Thursday, September 8, 2016

Mea culpa

Lots of folks are saying the world has gotten "too PC." Lots of folks are saying that you can't say anything at all these days without being accused of racism. Lots of folks are saying that the pendulum has swung too far and lots of folks are saying that accusing white people of racism is "reverse racism," whatever that means.
Well I've got a long and storied history of saying stupid, hurtful things without even thinking about it. I've got a long history of hurting people's feelings and doubling down, or weaseling, or getting mad when confronted about it. And it took me a long time, but I have learned some things.
It's okay to apologize for saying something stupid.
No one will be impressed by my excuses or my denials.
It's okay to say something dumb, realize that was a dumb thing to say, and then admit that it was a dumb thing to say.
It's okay to apologize even if I think someone's being oversensitive.
It's even okay to apologize for hurting someone's feelings, even if I don't think what I said was wrong. 
It's not up to me to decide whether someone else's feelings are hurt.  
It doesn't make sense for me to assert my right to say something by telling others that they're wrong for asserting their right to disagree with what I've said. 
I'm not gonna convince anyone I'm not being insensitive by insisting I'm not insensitive. 
If I get accused of being insensitive, I'm not a persecuted victim of the PC police; I'm a person who got accused of being insensitive.
It's better to ask what's wrong with what I said than to argue that nothing's wrong with what I said; sometimes I don't know I've said something dumb because I didn't know the whole story.

It's okay to have an opinion and keep it to myself.
It's okay to have an opinion and not blast social media with it 9 times a day.

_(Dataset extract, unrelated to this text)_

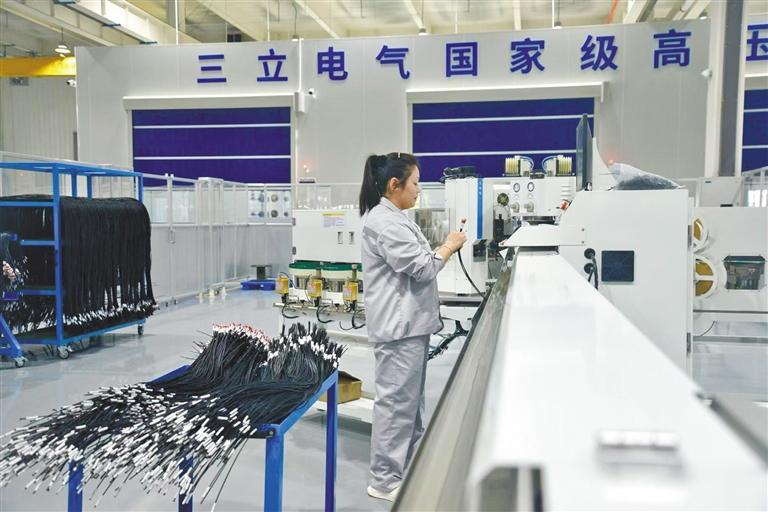咸阳市秦都区三立智能电气有限公司生产车间里,技术人员在操作全自动下线机(资料照片)。
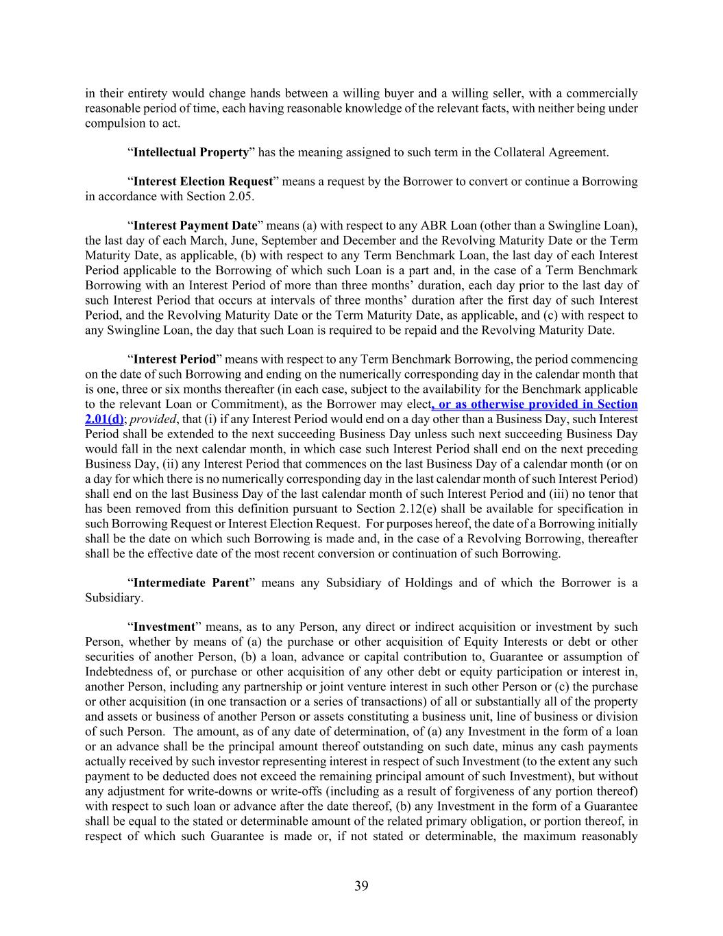 39 in their entirety would change hands between a willing buyer and a willing seller, with a commercially reasonable period of time, each having reasonable knowledge of the relevant facts, with neither being under compulsion to act. “Intellectual Property” has the meaning assigned to such term in the Collateral Agreement. “Interest Election Request” means a request by the Borrower to convert or continue a Borrowing in accordance with Section 2.05. “Interest Payment Date” means (a) with respect to any ABR Loan (other than a Swingline Loan), the last day of each March, June, September and December and the Revolving Maturity Date or the Term Maturity Date, as applicable, (b) with respect to any Term Benchmark Loan, the last day of each Interest Period applicable to the Borrowing of which such Loan is a part and, in the case of a Term Benchmark Borrowing with an Interest Period of more than three months’ duration, each day prior to the last day of such Interest Period that occurs at intervals of three months’ duration after the first day of such Interest Period, and the Revolving Maturity Date or the Term Maturity Date, as applicable, and (c) with respect to any Swingline Loan, the day that such Loan is required to be repaid and the Revolving Maturity Date. “Interest Period” means with respect to any Term Benchmark Borrowing, the period commencing on the date of such Borrowing and ending on the numerically corresponding day in the calendar month that is one, three or six months thereafter (in each case, subject to the availability for the Benchmark applicable to the relevant Loan or Commitment), as the Borrower may elect, or as otherwise provided in Section 2.01(d); provided, that (i) if any Interest Period would end on a day other than a Business Day, such Interest Period shall be extended to the next succeeding Business Day unless such next succeeding Business Day would fall in the next calendar month, in which case such Interest Period shall end on the next preceding Business Day, (ii) any Interest Period that commences on the last Business Day of a calendar month (or on a day for which there is no numerically corresponding day in the last calendar month of such Interest Period) shall end on the last Business Day of the last calendar month of such Interest Period and (iii) no tenor that has been removed from this definition pursuant to Section 2.12(e) shall be available for specification in such Borrowing Request or Interest Election Request. For purposes hereof, the date of a Borrowing initially shall be the date on which such Borrowing is made and, in the case of a Revolving Borrowing, thereafter shall be the effective date of the most recent conversion or continuation of such Borrowing. “Intermediate Parent” means any Subsidiary of Holdings and of which the Borrower is a Subsidiary. “Investment” means, as to any Person, any direct or indirect acquisition or investment by such Person, whether by means of (a) the purchase or other acquisition of Equity Interests or debt or other securities of another Person, (b) a loan, advance or capital contribution to, Guarantee or assumption of Indebtedness of, or purchase or other acquisition of any other debt or equity participation or interest in, another Person, including any partnership or joint venture interest in such other Person or (c) the purchase or other acquisition (in one transaction or a series of transactions) of all or substantially all of the property and assets or business of another Person or assets constituting a business unit, line of business or division of such Person. The amount, as of any date of determination, of (a) any Investment in the form of a loan or an advance shall be the principal amount thereof outstanding on such date, minus any cash payments actually received by such investor representing interest in respect of such Investment (to the extent any such payment to be deducted does not exceed the remaining principal amount of such Investment), but without any adjustment for write-downs or write-offs (including as a result of forgiveness of any portion thereof) with respect to such loan or advance after the date thereof, (b) any Investment in the form of a Guarantee shall be equal to the stated or determinable amount of the related primary obligation, or portion thereof, in respect of which such Guarantee is made or, if not stated or determinable, the maximum reasonably

It's okay to shut up and listen.

Look, I recognize that policing language for political correctness can stymie the flow of constructive dialogue. And I do acknowledge that it really sucks to be called racist even when you know you're not. But someone once said "when you're accustomed to privilege, equality feels like oppression." 
And if none of that flies for you, chew on this. White people have spent centuries taking away the voices of people of color, often using whips and knives and nooses. And that's not my fault and that's not your fault, but I think it's time we made peace with the fact that we don't always get to have the floor.